- [STORED DATA]:
——
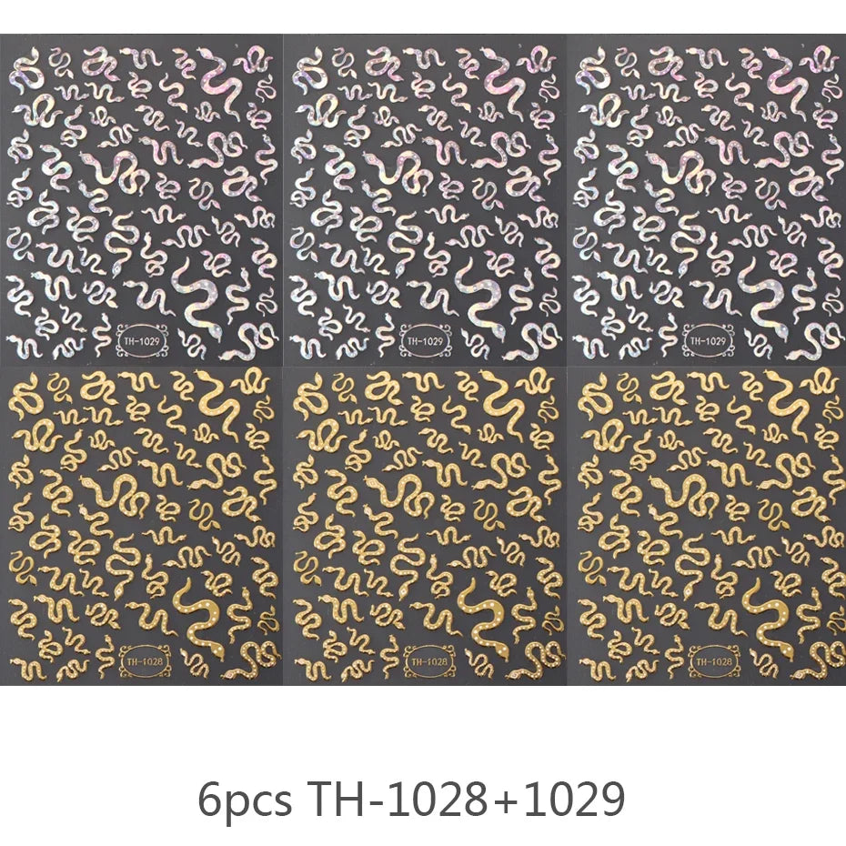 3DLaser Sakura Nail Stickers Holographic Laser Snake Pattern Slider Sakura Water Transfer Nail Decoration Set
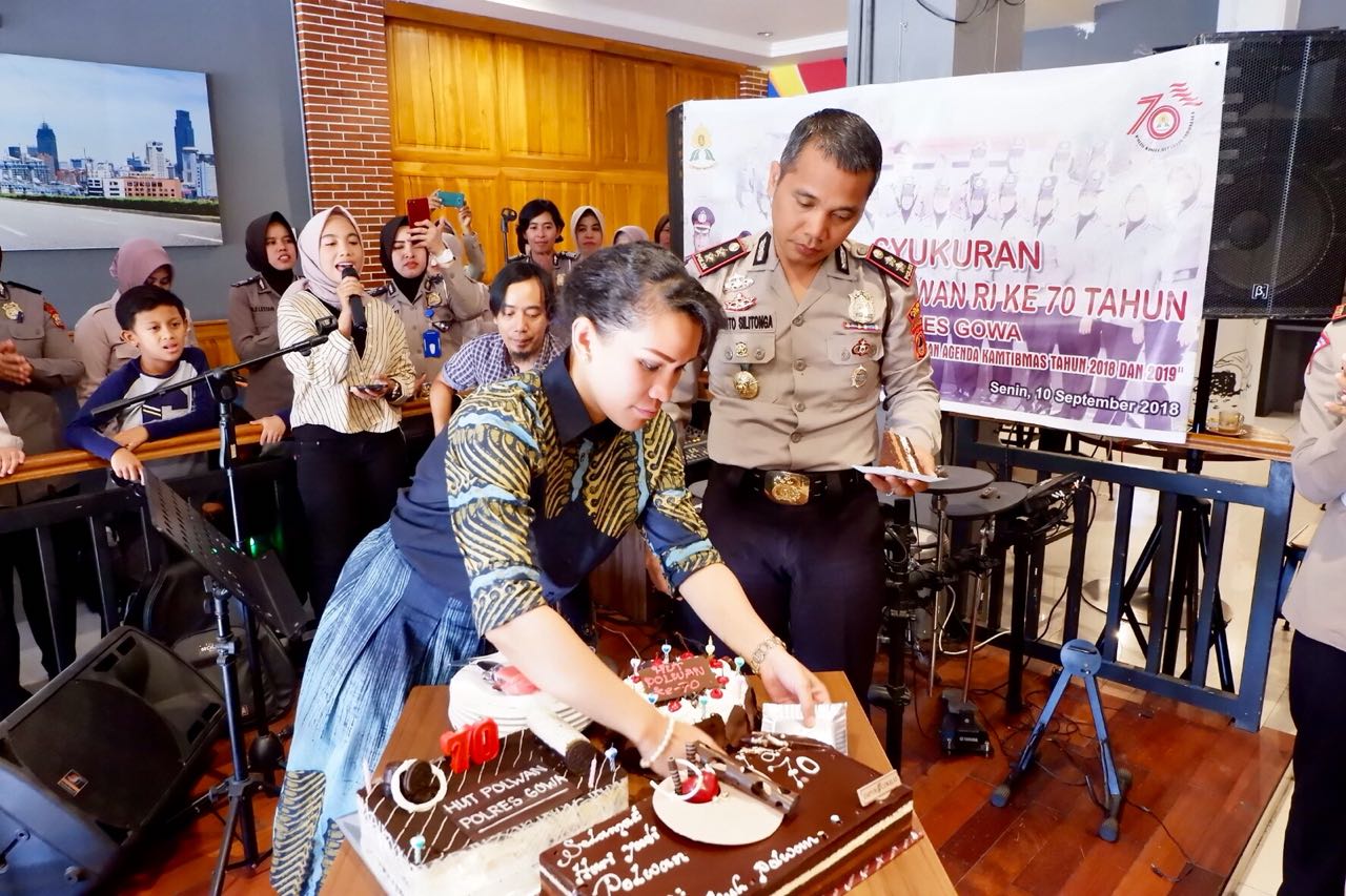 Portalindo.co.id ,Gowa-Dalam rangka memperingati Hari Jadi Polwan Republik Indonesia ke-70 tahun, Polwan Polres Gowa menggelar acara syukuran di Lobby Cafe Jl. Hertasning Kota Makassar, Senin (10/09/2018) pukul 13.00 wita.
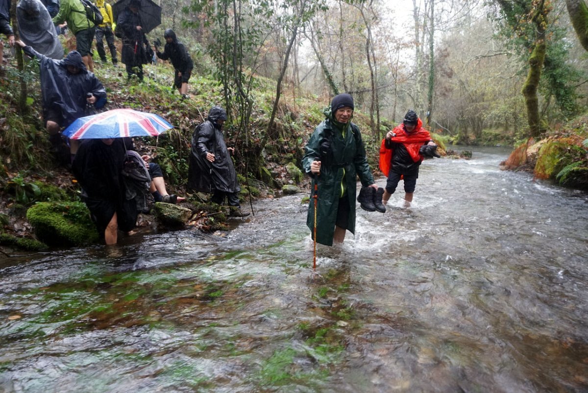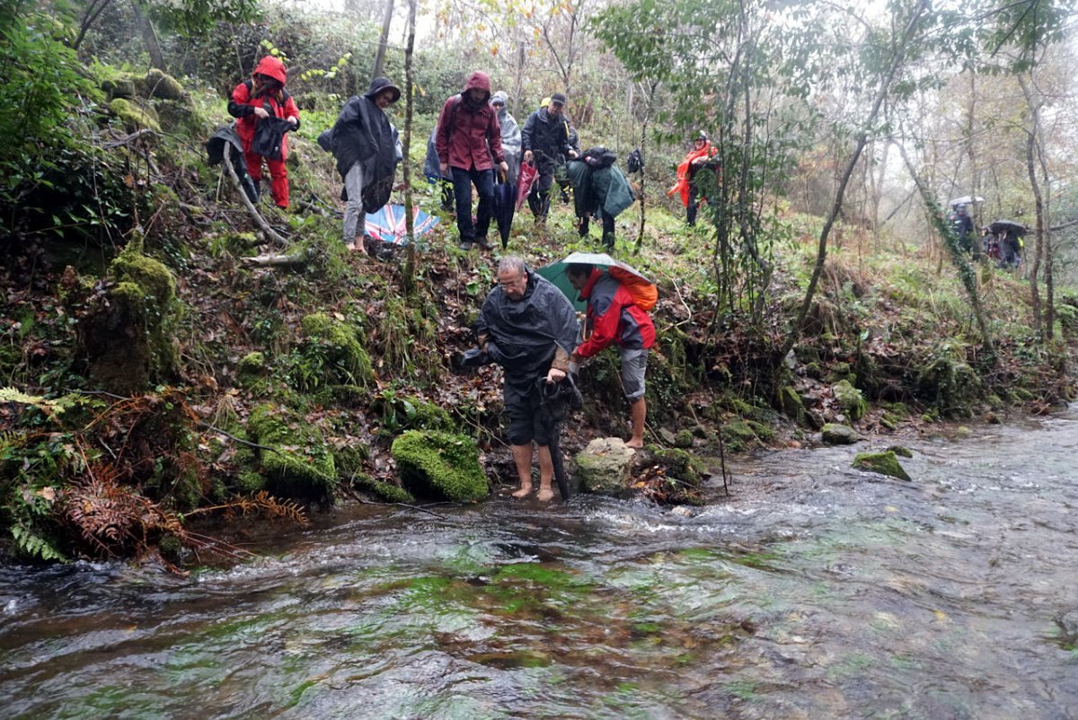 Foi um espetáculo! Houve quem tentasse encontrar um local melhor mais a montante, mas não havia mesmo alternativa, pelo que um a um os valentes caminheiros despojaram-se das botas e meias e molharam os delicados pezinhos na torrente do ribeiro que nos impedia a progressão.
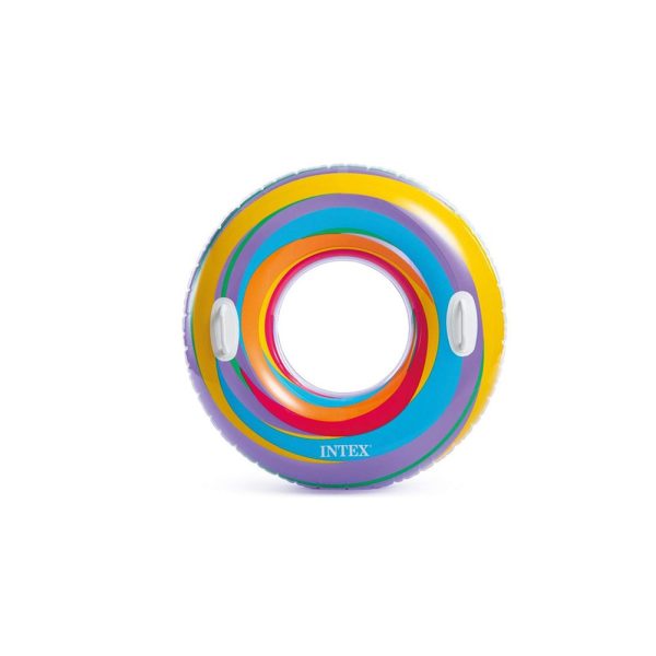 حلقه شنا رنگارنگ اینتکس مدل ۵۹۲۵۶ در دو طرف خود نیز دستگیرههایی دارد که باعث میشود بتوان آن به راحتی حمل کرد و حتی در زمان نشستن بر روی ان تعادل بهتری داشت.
——
- [INSTRUCTIONS FOR THE TASK]: Without including any pictures, reproduce the listing exactly.

- [EXERCISE SOLUTION]:
 3DLaser Sakura Nail Stickers Holographic Laser Snake Pattern Slider Sakura Water Transfer Nail Decoration Set
 Portalindo.co.id ,Gowa-Dalam rangka memperingati Hari Jadi Polwan Republik Indonesia ke-70 tahun, Polwan Polres Gowa menggelar acara syukuran di Lobby Cafe Jl. Hertasning Kota Makassar, Senin (10/09/2018) pukul 13.00 wita.
 Foi um espetáculo! Houve quem tentasse encontrar um local melhor mais a montante, mas não havia mesmo alternativa, pelo que um a um os valentes caminheiros despojaram-se das botas e meias e molharam os delicados pezinhos na torrente do ribeiro que nos impedia a progressão.
 حلقه شنا رنگارنگ اینتکس مدل ۵۹۲۵۶ در دو طرف خود نیز دستگیرههایی دارد که باعث میشود بتوان آن به راحتی حمل کرد و حتی در زمان نشستن بر روی ان تعادل بهتری داشت.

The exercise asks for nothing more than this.